I have made fresh mobile phase and flushed everything out. Mobile phase is ACN:water:100 mM ammonium formate pH 3 (yes I know it would be better to mix the buffer in with the water and ACN and not have the pump do it, but I inherited this set-up). We have about a dozen other isocratic assays that use this configuration and they are fine.

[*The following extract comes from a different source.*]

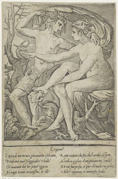 Editor: We're looking at "Loves of the Gods," an engraving by Giovanni Jacopo Caraglio, created sometime between 1515 and 1565. It’s part of the Rijksmuseum's collection. My first thought is how dynamic it is, almost like a freeze-frame of a dramatic moment. The composition feels really packed with figures and movement. What do you see in this piece from a formal perspective? Curator: The most striking aspect is the masterful manipulation of line. Observe how Caraglio employs dense, almost chaotic hatching to create areas of deep shadow, juxtaposed with areas of relatively clear, unburdened lines which define the figures' musculature. The interplay generates a sense of almost frenetic energy that animates the entire scene. Note how the texture of Daphne's transforming skin differs texturally from Apollo's smooth body. This, again, relies on the considered use of line. Editor: It’s interesting how you point out the differentiation using just lines. It almost gives different weight to the two figures. But why choose this technique? Curator: Consider intaglio’s inherent properties. Each line requires deliberate, physical carving. It's not merely representational. The medium thus dictates a particular mode of vision. It demands meticulous planning, creating a dialogue between artist and material, leading to the emphasis we find on textural contrast and directional movement. The formal arrangement here highlights a transition, echoing transformation in the bodies depicted. The figures themselves become manifestations of the very artistic process. Editor: So, the medium itself reinforces the theme. I'd never thought about that. I was focusing on the story alone, not how the process contributes meaning to the figures. Curator: Precisely. And by understanding the artist's handling of line, the relationships and contrasts, we unlock layers of interpretation beyond mere narrative. Editor: Thank you. Thinking about form and artistic choice offers another perspective on the artist's decisions. It opens new ways to appreciating Renaissance engravings.

I hold at 5:93:2 ACN:H2O:buffer for two minutes, ramp to 25% ACN over two min, hold 0.5 min, then ramp to 95% ACN and hold for 1 min, then back to beginning, with 3.5 min re-equil time. I have a 600 uL pre-column volume, which is the dumb name Waters uses for gradient delay (sorry Waters people, it took me two days to figure that out).

Any ideas what is going wrong?

OK, I have been thinking about this. We have a Nanopure water system. We don't filter the water before use, just whatever final filter it goes through out of the system. Is it possible that because I have gone to a smaller column and smaller filter that there is stuff in the water that is causing problems that we don't see with the larger particle size columns? Or because my other assays all use guard columns that are changed regularly? :?:

It can be injection solvent miss-match (what is your injection solvent) or maybe re-equilibration issues (what is your buffer and how much do you wait between injections)?

Kostas is right. Because you are using such a weak initial mobile phase (5% ACN), the chromatography will be very sensitive to having too much organic solvent in the mobile phase. It doesn't happen the first injection because the pre-run equilibration is not the same before the first run. If this is the case, you can either choose to increase the initial ACN concentration or use less organic solvent in your sample to make the sample better match the mobile phase.

Another possibility could be particulates from your sample. Are these samples filtered or otherwise clear of particles?

Thanks for the reply. Samples are prepared in Nanopure water. I also tried prepping them is 95:5 water:ACN. Same result. I was having trouble with split peaks because my autosampler syringe purge solvent was ACN. I changed that to water. I have a five minute re-equlibration time at 0.6 mL/min. Shouldn't be sufficient for a 3.0 x 50 mm column?

We do SPE to prepare the samples, elute with 25:5:70 IPA:NH4OH:EtOAc then evap and re-constitute with water. We don't filter before injection. We don't do that for any of our other assays, but our other assays use columns with larger particles, and all have guard columns. I have never tried using a 1.8 um column and just a frit before.

That should be enough time for re-equilibration. It is interesting that the early eluting peaks are affected more than the later peaks. This still makes me suspect a problem with the injection solvent or sample. Do you evaporate the sample COMPLETELY after SPE. Any residual ethyl acetate or NH4OH could cause problems, but I'm not sure why it wouldn't happen in the first injection.